OpenNMT-py with inspection

This is a fork of OpenNMT-py that allows for inspection of the activations of intermediate neurons, as well as manual modification of those neurons at inference time. Everything is known to work with the single-direction RNN encoder; others have not been tested. This fork adds the following option to train.py:

-separate_layers
  Train the RNN or BRNN with a separate module for each layer. This must be true at training time in order for -dump_layers to work at inference time.

It adds the following option to translate.py:

-dump_layers FILENAME
  Dump the activations of all encoder layers to FILENAME. Only works on models trained with -separate_layers (or non-RNN models, theoretically).
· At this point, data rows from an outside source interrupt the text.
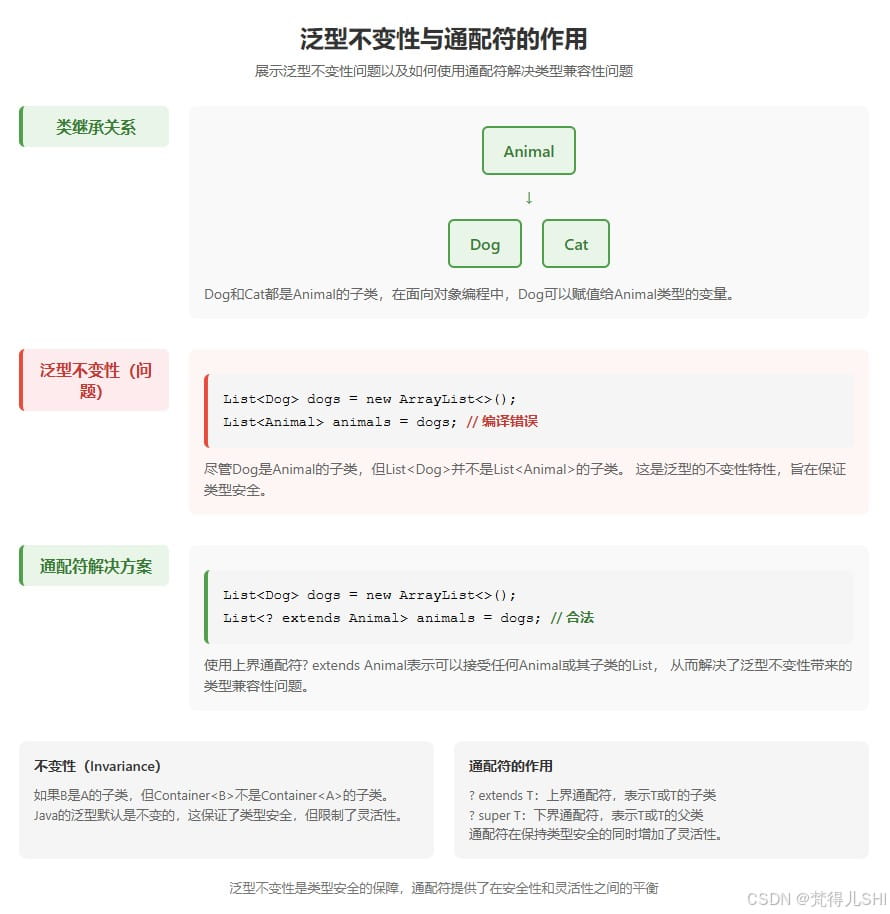 一、为什么需要通配符?—— 从泛型的 “不变性” 说起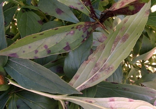 Nejnebezpečnější chorobou je šedá hniloba. Ovlivňuje nejen listy, ale i pupeny, stejně jako stonek pivoňky červené magie. Pokud na jaře začaly vadnout mladé výhonky, kolem stonku se objevil šedý květ nebo nahnědlé skvrny, je třeba okamžitě jednat.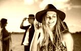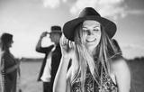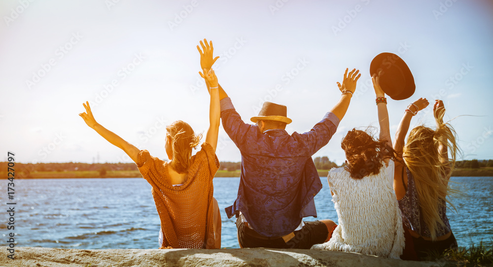 Group of friends dancing and celebrating on beach, boho party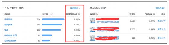 你像这个店铺,我现在看到的是最近30天的PC端的数据,排名前五的进店关键词,除了第二个“餐具套装”有0.53%的下单转化率以外,另外的四个关键词的下单转化率都是0,这至少说明对于PC端来讲,进店关键词是非常不精准的。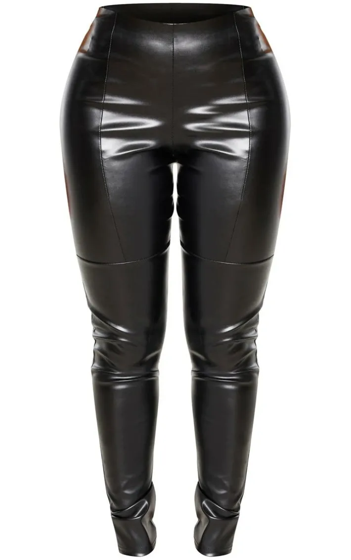 Spice up your weekend look with these pants doll. Featuring a black PU material with a panelled design, wear them with a black crop top and complete the look with high heels and a bright bag.
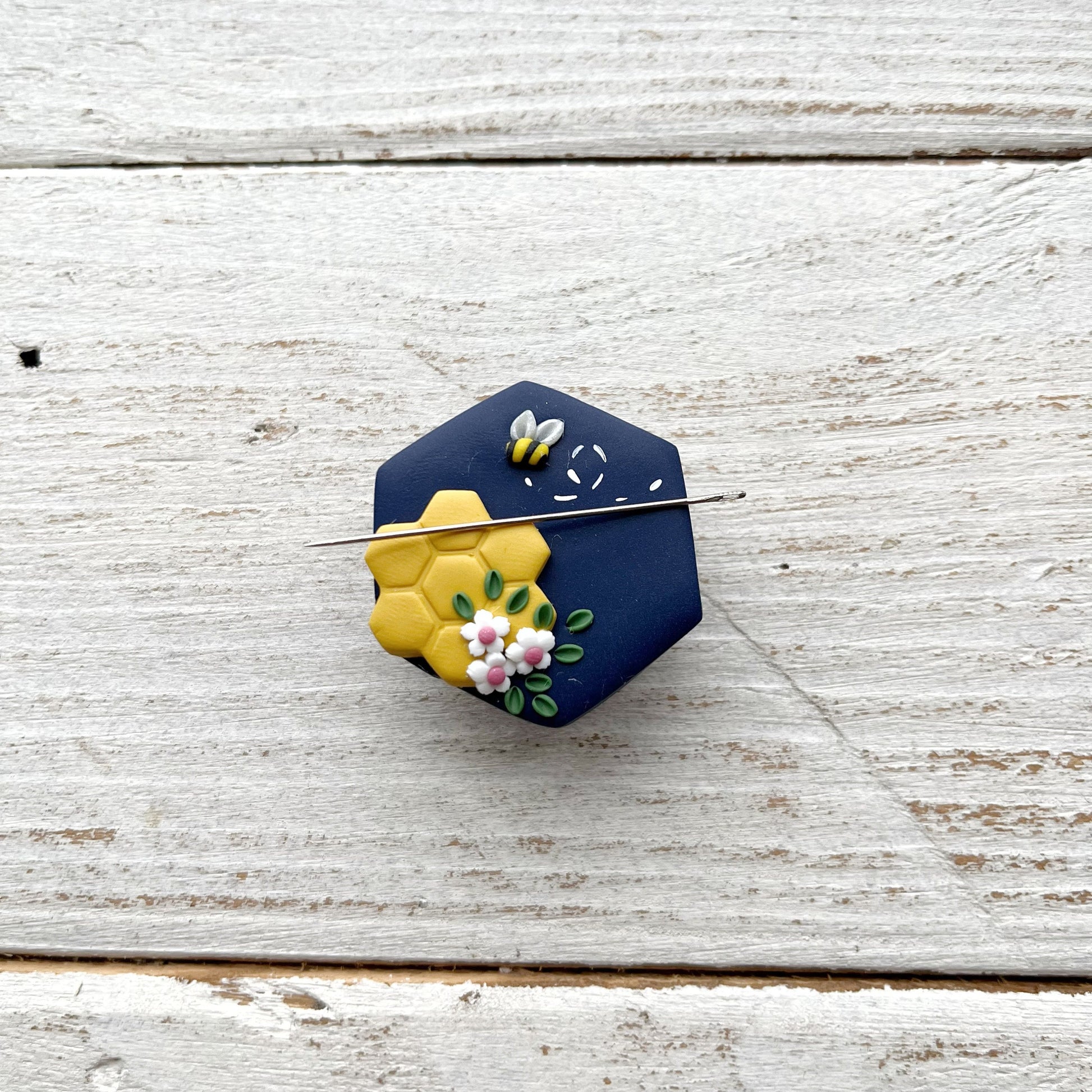 This needle minder features honeycomb and some tiny flowers on a navy hexagon base which is about 4cm wide. It is finished with a tiny hand shaped bumble bee and some pretty bee trails.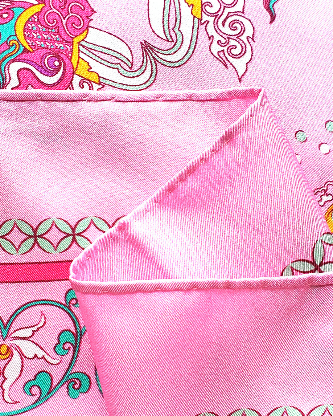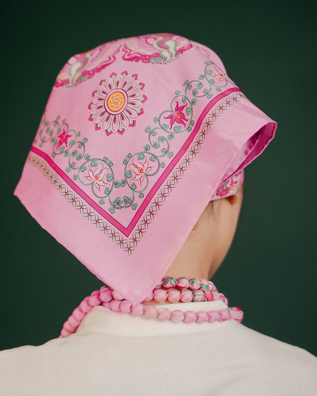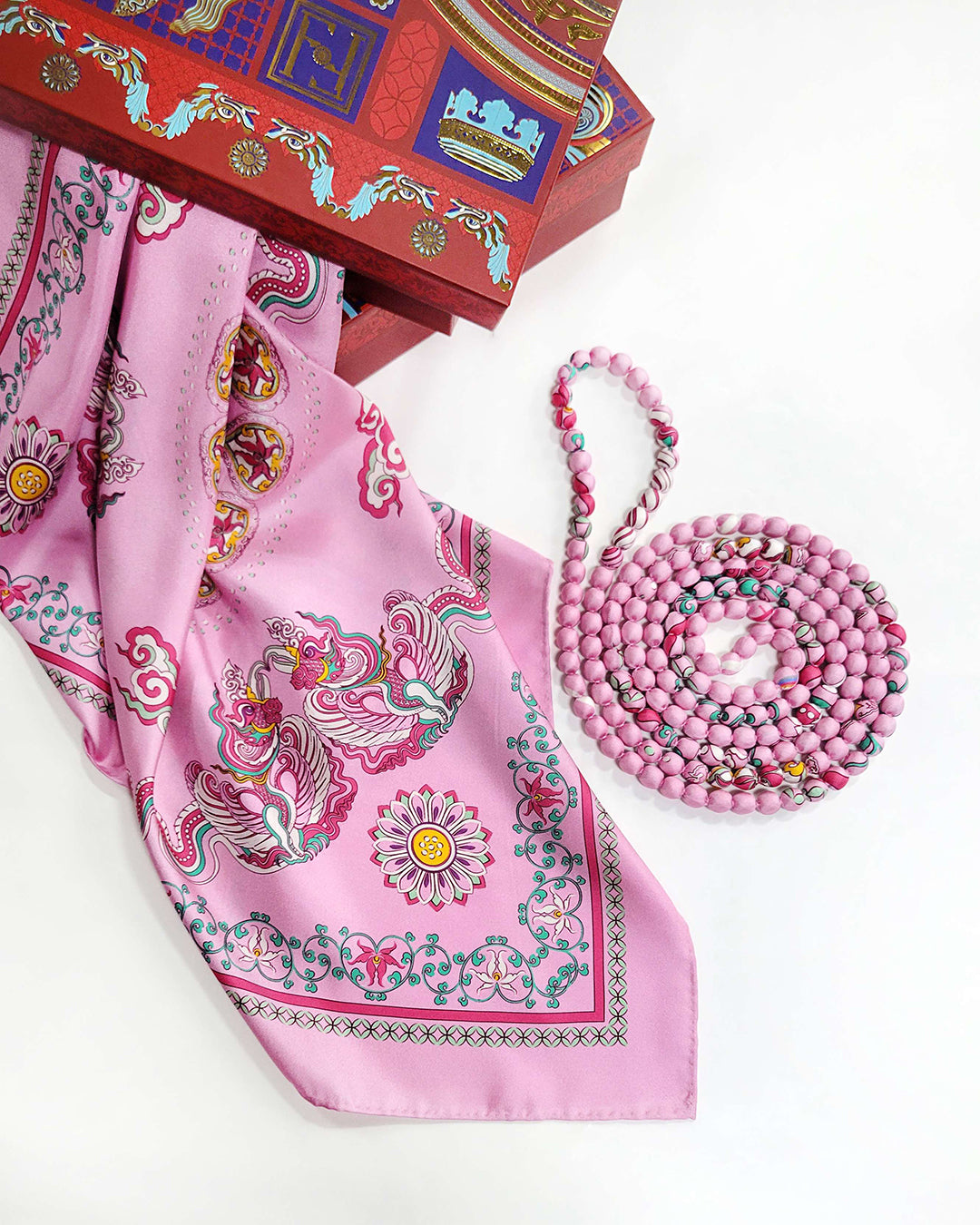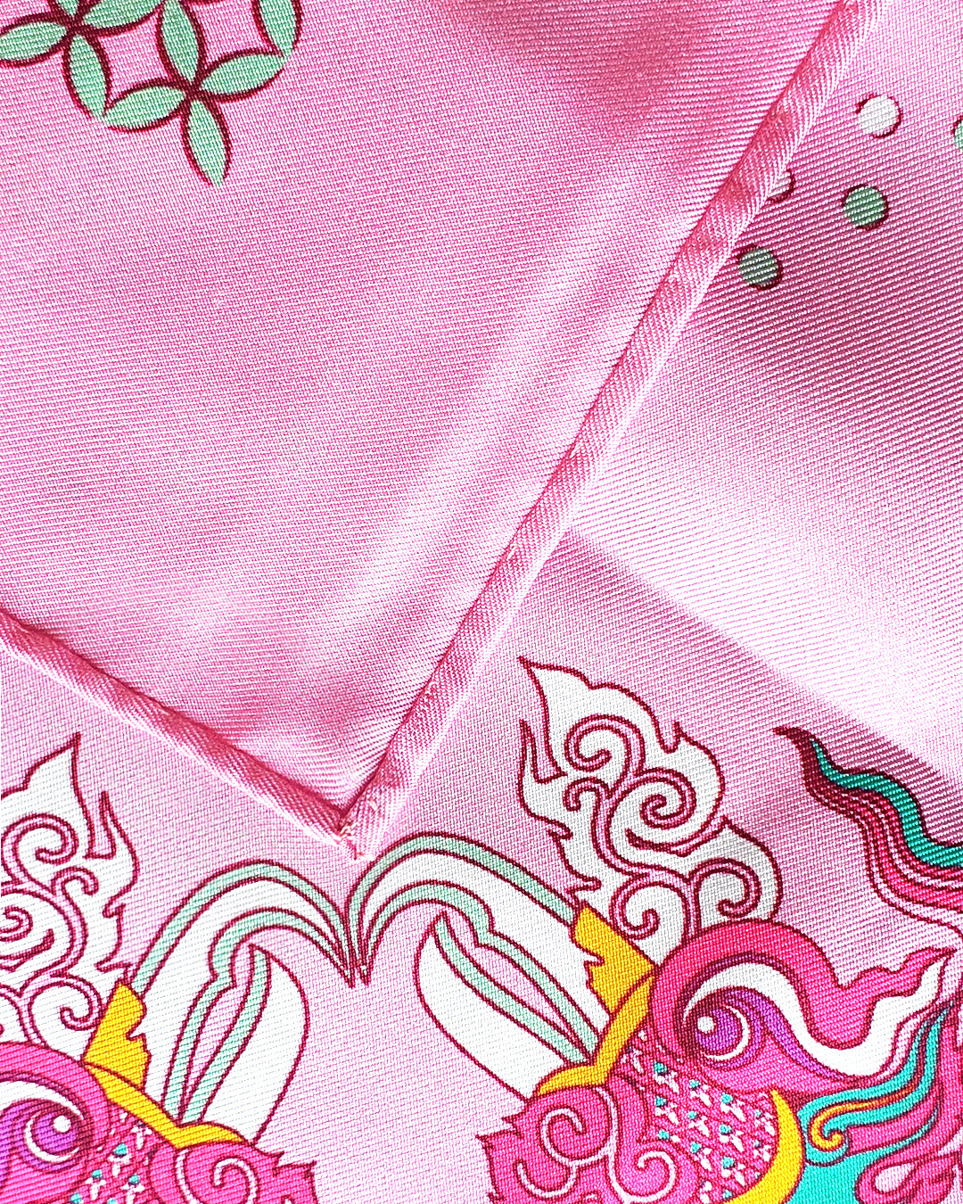 The Phoenix motif unfolds with wide-spread wings, gracefully curved, layered feathers, interwoven with cloud patterns and Bodhi leaves, creating a harmonious, balanced composition. Bordering this celestial scene is a flowing lotus motif, interlaced with lime flower chain and a ribbon of color. The palette of the scarves blends warm and refreshing tones, from pastel pink to mystical purple, evoking a sense of antiquity, elegance, vibrancy and modern sophistication.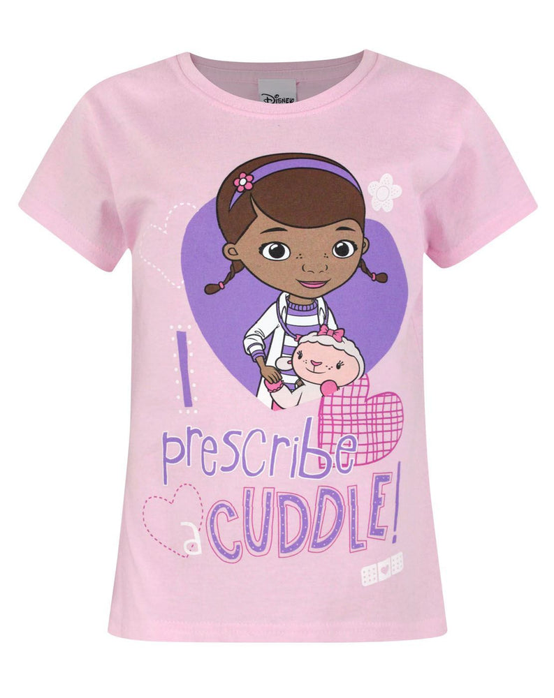 Officially licensed this Doc McStuffins Cuddle girls t-shirt is a must have addition to any little fans wardrobe. An officially licensed piece this childrens t-shirt is taken from the animated kids TV programme Doc McStuffins; the print across the front of the t-shirt showcases the main character Dottie McStuffins in a cute heart shaped design with the text ‘I prescribe a cuddle tying the look together. This fun print is packed with colour and stands out against the pink of the t-shirt; made with 100% cotton this girls t-shirt has a soft and comfortable feel and finish. This Doc McStuffins Cuddle girls t-shirt is an officially licensed product, please ask for additional information about sizing if needed.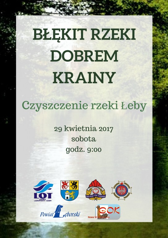 29 kwietnia br. odbędzie się dziewiąta edycja akcji "Błękit rzeki dobrem Krainy", która ma na celu przygotowanie rzeki Łeby do zbliżającego się sezonu turystycznego. Przedsięwzięcie organizują LOT "Ziemia Lęborska - Łeba", Zarząd Powiatowy Związku Ochotniczych Straży Pożarnych oraz Komenda Powiatowa Państwowej Straży Pożarnej w Lęborku we współpracy ze Starostwem Powiatowym, urzędami gminnymi w Nowej Wsi Lęb. i Wicku, nowowiejskim Gminnym Ośrodkiem Kultury oraz firmą FamilyDay Spływy Kajakowe.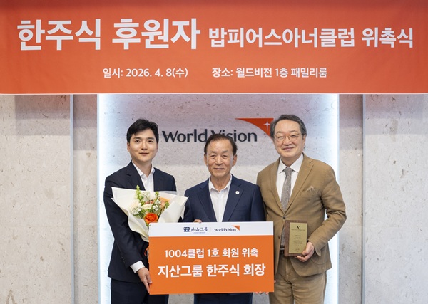 국제구호개발 NGO 월드비전(회장 조명환)은 지난 8일 서울 영등포구에 위치한 월드비전 본부에서 지산그룹 한주식 회장을 ‘밥피어스아너클럽 200호 및 천사클럽 1호’로 위촉했다고 9일 밝혔다.
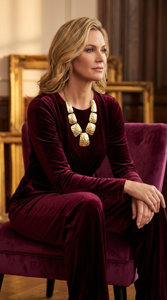 The magic happens when you pair velvet textures with the right accessories. A chunky statement necklace in gold or silver creates the perfect focal point against that rich burgundy backdrop. I’ve found that geometric designs work particularly well—they add modern edge to velvet’s classic sophistication. For a grown-up elegance, this outfit idea is perfect for your 27th birthday celebration.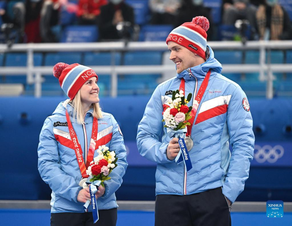 Silver medalists Kristin Skaslien (L) and Magnus Nedregotten of Norway attend the awarding ceremony of the curling mixed doubles event of the Beijing 2022 Winter Olympics at the National Aquatics Centre in Beijing, capital of China, Feb. 8, 2022. (Xinhua/Li He)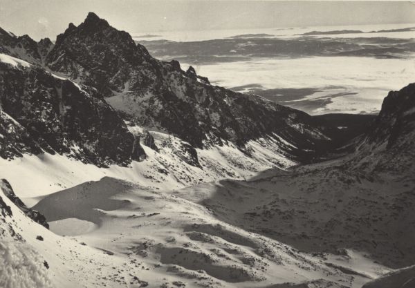 VYSOKÉ TATRY Pohľad zo Svišťového štítu (2382 m) dolu Veľkou Studenou dolinou. Vľavo Prostredný hrot (2440 m)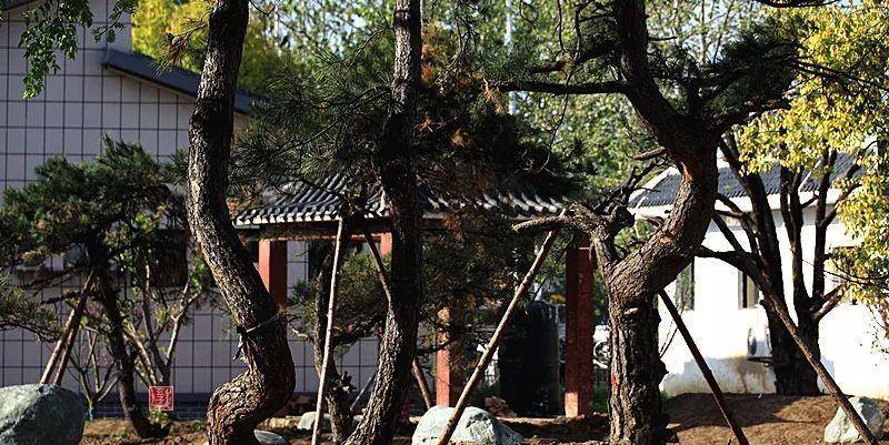 走进园林,几棵粗壮的名贵树木让人眼前一亮,据知情者介绍,园子里共有两棵杏树,一棵古梅树,一棵柿树,树围均需两人才能合抱;园内几棵落叶松的姿态也极具特点,这些树或举火烧天,或如来神掌,或披头散发,或盘虬卧龙,形态各异,令人惊叹。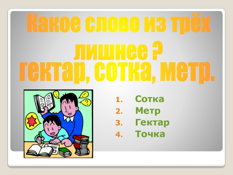 Какое слово из трёх лишнее ?гектар, сотка, метр.СоткаМетрГектарТочка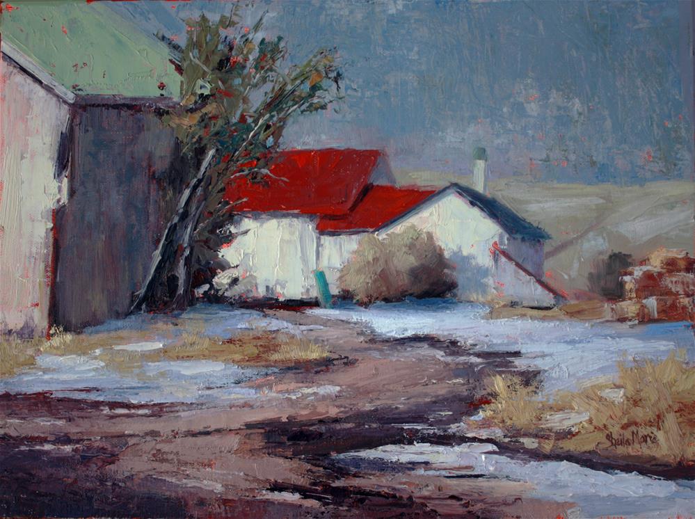 Driving down some back roads. This place caught my attention with that red roof and the muted green one in front. Bonus, that melting snow and muddy drive.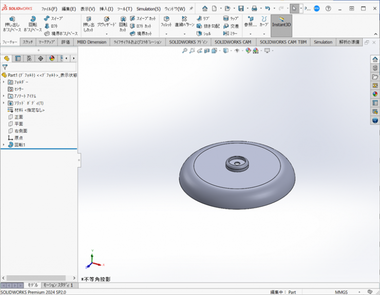 1.新規部品を開き、台を回転フィーチャーで作成します。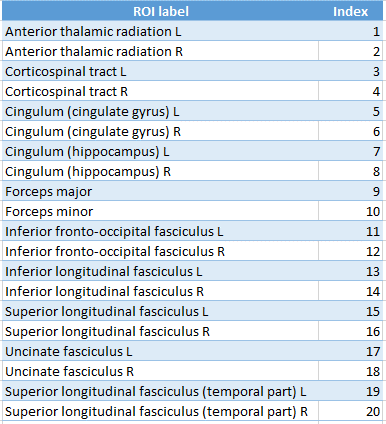 MRI data from 620 healthy adults (age range: 18-88 years, 315 females) were included in this study. Diffusion data were collected along 30 gradient directions for two b-values (1000 and 2000 s/mm2), plus three b=0 images. Other acquisition parameters were: TR=9100ms, TE=104ms, voxel size=2mm isotropic, FOV=192mm × 192mm, and 66 axial slices, total acquisition time of 10 minutes and 2 seconds.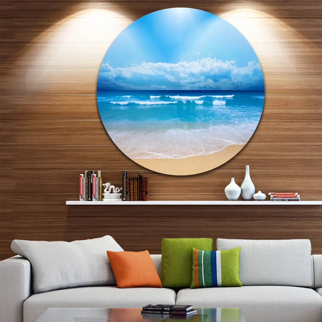 Bring Contemporary Abstraction to your home with this large Circle Metal wall art. This Paradise Beach Metal Artwork makes it the focal point of any room or office. - White Gloss Coating ensures colors are extra vibrant with light reflection.- Aluminum grade Sheet Metal with 1 inch mounting frame on the back giving the illusion that the artwork is floating on the wall..- Mounting Brackets are included along with instructions.- High Quality Digital images are created directly into a glossy aluminum panel producing a stunning and captivating print into the glossy finish of the metal.- Water, Fire and Scratch resistant HD Aluminum panels.- Looks better than any photo paper and guaranteed to last at least 20 years- Easy to clean with a microfiber cloth. Colors are far superior to regular Canvas Art. - Easy to Hang

The file will be in .pt format, consisting of an array of shape (sentences) x (tokens in this sentence) x (layers) x (neurons in this layer), where only the last dimension of the array is a Tensor.

It adds the correlate.py and correlation-to-basis.py scripts in the searchers/ directory. These aren't easy to use yet, but they provide functions that can be called from Python, with a usage example at the bottom of correlate.py.

It also adds the script mask_out.py in the root directory. This is run with the following options:

-mask_out_layer INT
  Which layer to apply masking out to
-mask_out_basis FILENAME
  A .pt file containing a (# of neurons in this layer) x (# neurons in this layer) matrix, where the (n)th row is the
  hypothesized (n)th most important basis vector for the space. When testing individual neurons' importances, this will be
  a permutation matrix. The basis must be orthonormal.
-mask_out_cumulative
  Use this flag to do the cumulative experiment, where more neurons are masked out at every step. If this is not set, then
  instead each interval will be masked out independently (i.e. there will be a run without 0-50, then without 50-100, etc.)
-mask_out_intervals INT
  The number of intervals to divide the basis into. E.g. if this is 10, and there are 500 neurons, then at every step 50 more neurons
  will be masked out.

mask_out.py also accepts all the same arguments as translate.py. When running mask_out.py, the -output option should specify a directory, and this directory will be populated with files named without-%d-%d.txt with the two integers indicating which range of basis vectors was masked out. Currently, -dump_layers will not work, as every next run will overwrite the dump. This will hopefully be fixed soon.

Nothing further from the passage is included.